NUEVA YORK – Ahora que han terminado las celebraciones del 70 aniversario de la fundación de la República Popular China, es hora de volver a dirigir la atención a la guerra comercial sino-norteamericana. El conflicto bien puede estar por entrar en una recta final. De hecho, la próxima ronda de negociaciones tal vez sea la última oportunidad real de encontrar una salida para el embrollo comercial, tecnológico y económico más amplio en el que están hundidos ambos países.

De no suceder esto, el mundo debería empezar a prepararse para su cabalgata económica más agitada desde la crisis financiera global de 2008. Existe un riesgo real de que Estados Unidos caiga en una recesión, y de que la economía global experimente un desacople más amplio que afecte negativamente las relaciones sino-norteamericanas en el futuro. También existe un espacio de oportunidad cada vez más grande para que los electorados nacionalistas en ambos países sostengan que el conflicto es inevitable.
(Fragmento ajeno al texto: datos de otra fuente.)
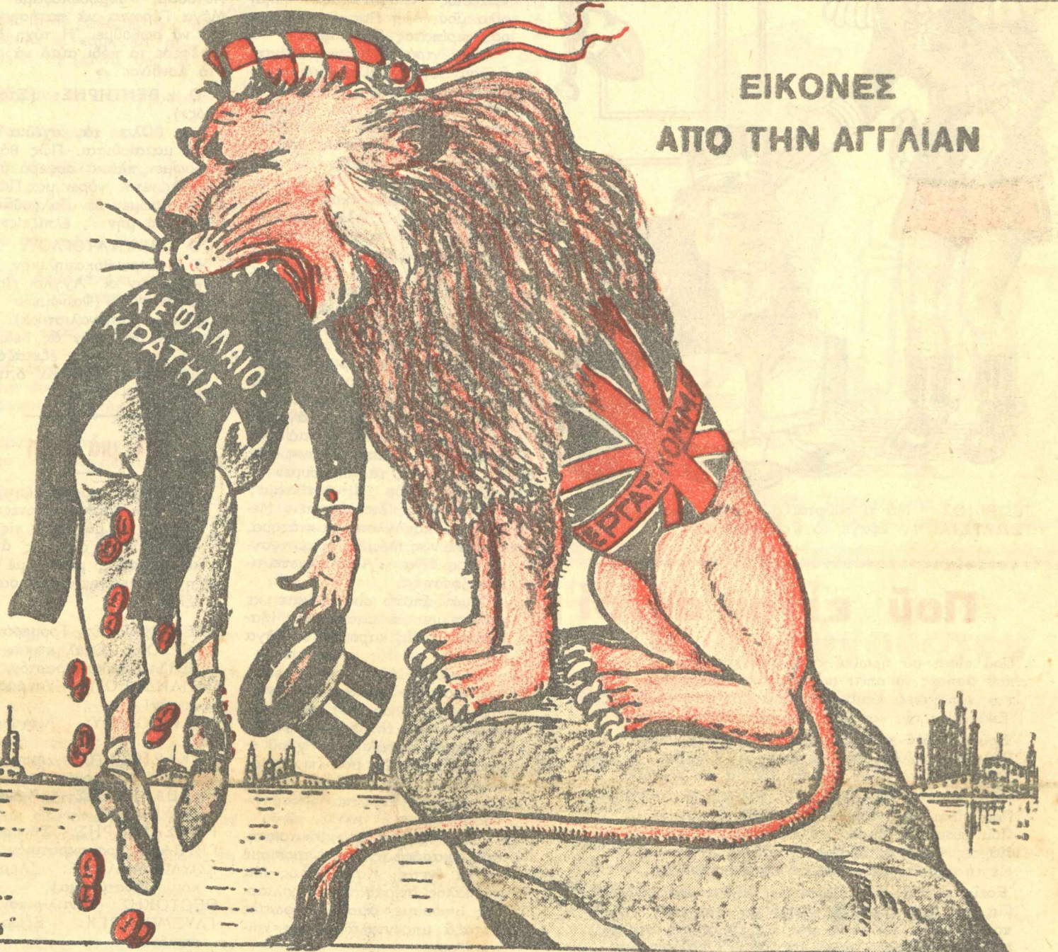
ΕΙΚΟΝΕΣ ΑΠΟ ΤΗΝ ΑΓΓΛΙΑΝ

Hasta el momento, la guerra comercial ha atravesado cuatro fases. La fase uno comenzó en marzo pasado, cuando el presidente norteamericano, Donald Trump, anunció la primera ronda de aranceles a las importaciones sobre los productos chinos. La fase dos llegó con el “reseteo argentino” en la cumbre del G20 en Buenos Aires en diciembre pasado, cuando Trump y el presidente chino, Xi Jinping, anunciaron que concluirían un acuerdo en el lapso de 90 días. Esa tregua se desmoronó a comienzos de mayo de este año, cuando las partes se acusaron mutuamente de exigir cambios significativos de último minuto en el acuerdo borrador.

La mejor manera de describir la fase tres es el “verano de nuestro descontento”: Estados Unidos impuso una nueva ronda de aranceles a las importaciones y China tomó represalias en especies, dando a conocer a su vez su respuesta a la “lista de entidades” de Estados Unidos. En respuesta a la inclusión de Huawei y otras cinco compañías tecnológicas chinas en una lista negra, el poético título de “lista de entidades poco confiables” de China amenaza con apuntar a empresas norteamericanas para su posterior exclusión.

Dados estos desenlaces, ¿por qué alguien debería esperar que la próxima ronda de negociaciones sea un éxito?

Por empezar, las economías norteamericana y china están en problemas. En Estados Unidos, las recientes cifras decepcionantes de empleo en el sector privado y la industria han reforzado el pesimismo sobre las perspectivas de la economía. Si las condiciones se siguen deteriorando, la apuesta de Trump a una reelección en noviembre de 2020 estaría en peligro. De la misma manera, Xi se vería debilitado por cualquier desaceleración importante en vísperas de las celebraciones por el centenario del Partido Comunista Chino en 2021, que serán un preludio para su apuesta a un tercer mandato ya polémico a partir de 2022.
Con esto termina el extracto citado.